There's a text and label. That's the default dataset. I have to preprocess this using the tokenizer.

In [None]:
def tokenization(example):
    return tokenizer(example["text"], truncation = True)

In [None]:
tokenized_datasets = raw_datasets.map(tokenization)

  0%|          | 0/25000 [00:00<?, ?ex/s]

  0%|          | 0/25000 [00:00<?, ?ex/s]

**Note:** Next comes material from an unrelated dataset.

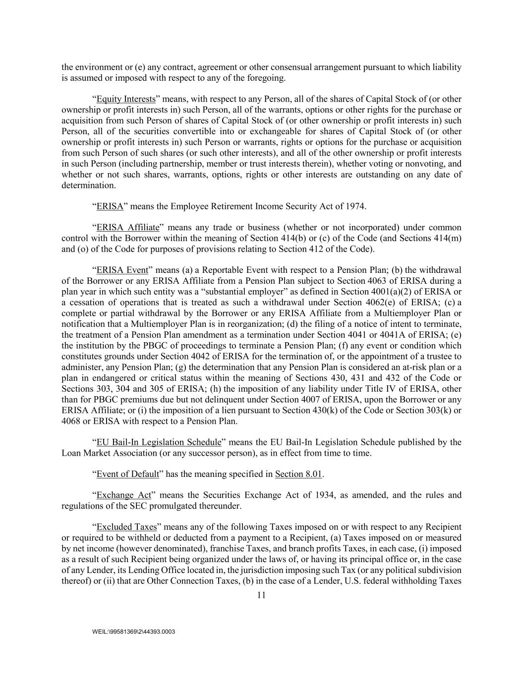 11 WEIL:\99581369\2\44393.0003 the environment or (e) any contract, agreement or other consensual arrangement pursuant to which liability is assumed or imposed with respect to any of the foregoing. “Equity Interests” means, with respect to any Person, all of the shares of Capital Stock of (or other ownership or profit interests in) such Person, all of the warrants, options or other rights for the purchase or acquisition from such Person of shares of Capital Stock of (or other ownership or profit interests in) such Person, all of the securities convertible into or exchangeable for shares of Capital Stock of (or other ownership or profit interests in) such Person or warrants, rights or options for the purchase or acquisition from such Person of such shares (or such other interests), and all of the other ownership or profit interests in such Person (including partnership, member or trust interests therein), whether voting or nonvoting, and whether or not such shares, warrants, options, rights or other interests are outstanding on any date of determination. “ERISA” means the Employee Retirement Income Security Act of 1974. “ERISA Affiliate” means any trade or business (whether or not incorporated) under common control with the Borrower within the meaning of Section 414(b) or (c) of the Code (and Sections 414(m) and (o) of the Code for purposes of provisions relating to Section 412 of the Code). “ERISA Event” means (a) a Reportable Event with respect to a Pension Plan; (b) the withdrawal of the Borrower or any ERISA Affiliate from a Pension Plan subject to Section 4063 of ERISA during a plan year in which such entity was a “substantial employer” as defined in Section 4001(a)(2) of ERISA or a cessation of operations that is treated as such a withdrawal under Section 4062(e) of ERISA; (c) a complete or partial withdrawal by the Borrower or any ERISA Affiliate from a Multiemployer Plan or notification that a Multiemployer Plan is in reorganization; (d) the filing of a notice of intent to terminate, the treatment of a Pension Plan amendment as a termination under Section 4041 or 4041A of ERISA; (e) the institution by the PBGC of proceedings to terminate a Pension Plan; (f) any event or condition which constitutes grounds under Section 4042 of ERISA for the termination of, or the appointment of a trustee to administer, any Pension Plan; (g) the determination that any Pension Plan is considered an at-risk plan or a plan in endangered or critical status within the meaning of Sections 430, 431 and 432 of the Code or Sections 303, 304 and 305 of ERISA; (h) the imposition of any liability under Title IV of ERISA, other than for PBGC premiums due but not delinquent under Section 4007 of ERISA, upon the Borrower or any ERISA Affiliate; or (i) the imposition of a lien pursuant to Section 430(k) of the Code or Section 303(k) or 4068 or ERISA with respect to a Pension Plan. “EU Bail-In Legislation Schedule” means the EU Bail-In Legislation Schedule published by the Loan Market Association (or any successor person), as in effect from time to time. “Event of Default” has the meaning specified in Section 8.01. “Exchange Act” means the Securities Exchange Act of 1934, as amended, and the rules and regulations of the SEC promulgated thereunder. “Excluded Taxes” means any of the following Taxes imposed on or with respect to any Recipient or required to be withheld or deducted from a payment to a Recipient, (a) Taxes imposed on or measured by net income (however denominated), franchise Taxes, and branch profits Taxes, in each case, (i) imposed as a result of such Recipient being organized under the laws of, or having its principal office or, in the case of any Lender, its Lending Office located in, the jurisdiction imposing such Tax (or any political subdivision thereof) or (ii) that are Other Connection Taxes, (b) in the case of a Lender, U.S. federal withholding Taxes

  0%|          | 0/50000 [00:00<?, ?ex/s]

In [None]:
data_collator = DataCollatorWithPadding(tokenizer=tokenizer)


Model will accept:

`["attention_mask", "input_ids", "labels", "token_type_ids"]`

In [None]:
tokenized_datasets['train']

Dataset({
    features: ['text', 'label', 'input_ids', 'token_type_ids', 'attention_mask'],
    num_rows: 25000
})

In [None]:
tokenized_datasets = tokenized_datasets.remove_columns(["text"])
tokenized_datasets = tokenized_datasets.rename_column("label", "labels")

# Training the Model

In [None]:
train_dataloader = DataLoader(
    tokenized_datasets["train"], shuffle=True, batch_size=8, collate_fn=data_collator
)
eval_dataloader = DataLoader(
    tokenized_datasets["test"], batch_size=8, collate_fn=data_collator
)

In [None]:
accelerator = Accelerator()

optimizer = AdamW(model.parameters(), lr=3e-5)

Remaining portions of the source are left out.